As retaliation, on 5 October, at night, a group of Icelanders entered the hut where the Spaniards were sleeping and killed 14 of them, only one young man called García, escaped. 
Captain  Martín de Villafranca of San Sebastián, whose father and grandfather had both been involved in Terra Nova whaling was among those who were killed.
The bodies were mutilated and sunken into water. Jón Guðmundsson the Learned wrote about the unjust and cruel deaths "dishonored  and sunken into sea, as if they were the worst pagans and not innocent Christians".
Three days after the first slaying, Ari Magnússon summoned a council at Súðavík and twelve judges agreed to declare as outlaws all the Spaniards.

On 13 October Martin and the other 17 of his group were killed at Æðey and Sandeyri in Ísafjarðardjúp, while they were fishing, by the troops commanded by Ari Magnússon.
According to Jón Guðmundsson, the victims were stabbed in the eyes, their ears, noses and had their genitals mutilated.
The captain, Martín de Villafranca, was injured in the shoulder and chest with an axe, but he managed to escape into the sea however he was stoned in the water and dragged to the shore where he was tortured to death.

Two verdicts were instigated by sheriff Ari Magnússon of Ögur, Ísafjarðardjúp in October 1615 and January 1616. The Spaniards were considered criminals after their ships were wrecked and in accordance with the Icelandic law book of 1281 it was decided that the only right thing to do was to kill as many of them as possible.
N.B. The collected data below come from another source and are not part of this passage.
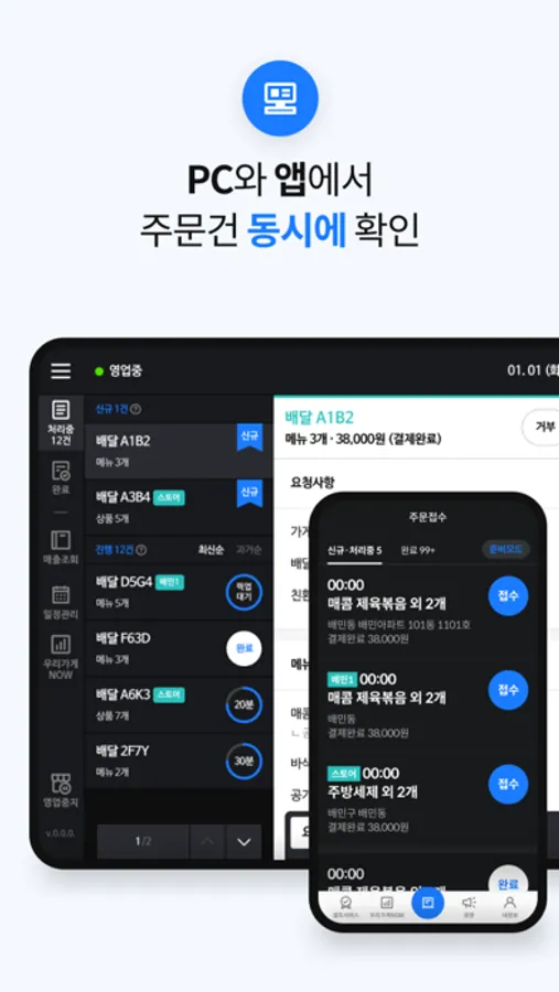 - PC 접수채널(배민주문접수 PC/PC 주문접수)과 멀티채널로 사용하시면 주문이 연동되어 어떤 채널에서라도 주문내용을 확인하고 처리할 수 있습니다.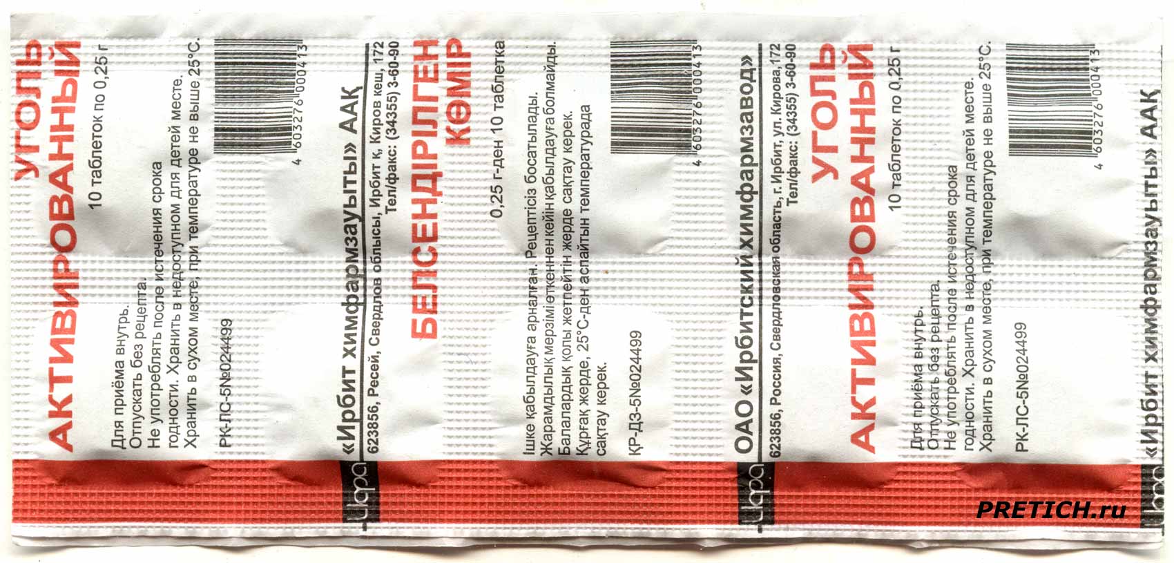 Уголь активированный, производства ОАО "Ирбитский химико-фармацевтический завод". Россия, Свердловская область, г. Ирбит, ул. Кирова, 172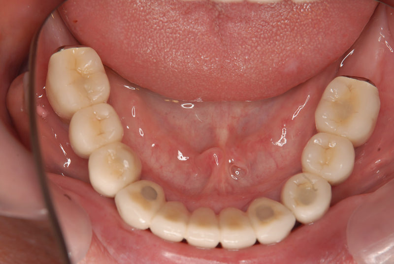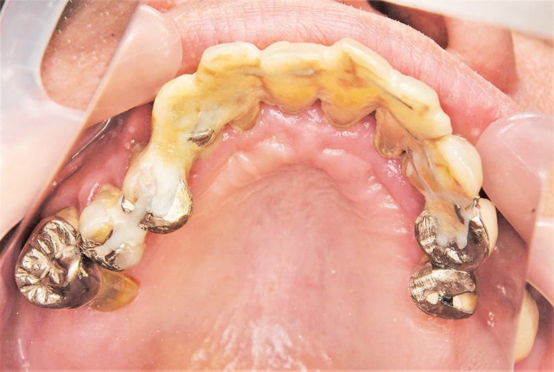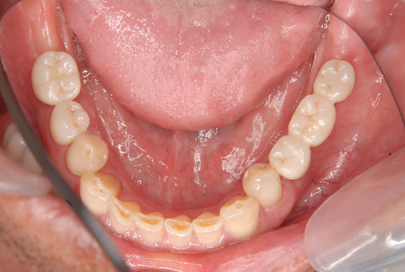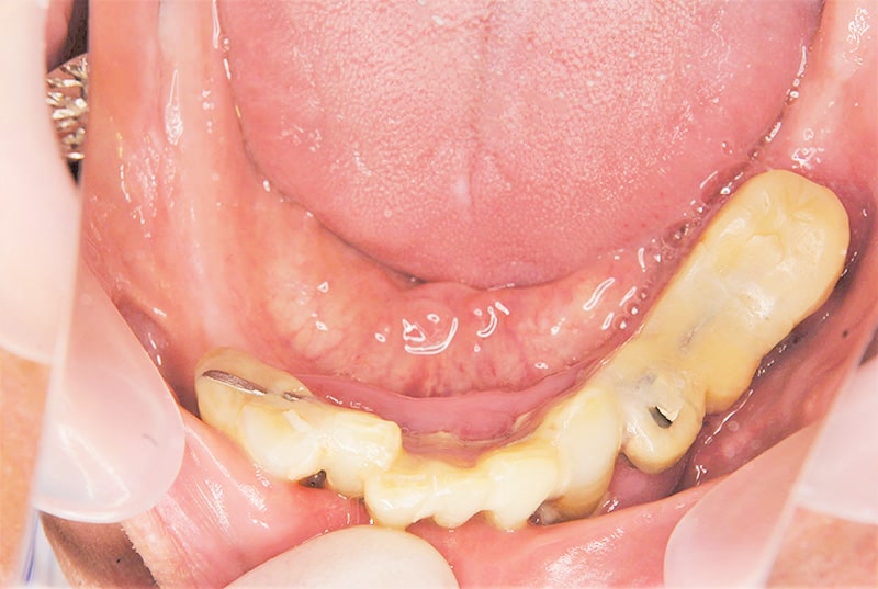 下顎は固定制のメタルボンドブリッジ(金属焼き付けポーセレン)を装着。

An estimated 32 Spaniards were killed.

Aftermath
Jón Guðmundsson the Learned (1574–1658) wrote a critical account condemning the decision of the local sheriff to order the killings: A True Account of Spanish Men's Shipwrecks and Slayings. Jón says that they were unjustly killed; not wishing to take part in an attack on them, he fled south to Snæfellsnes.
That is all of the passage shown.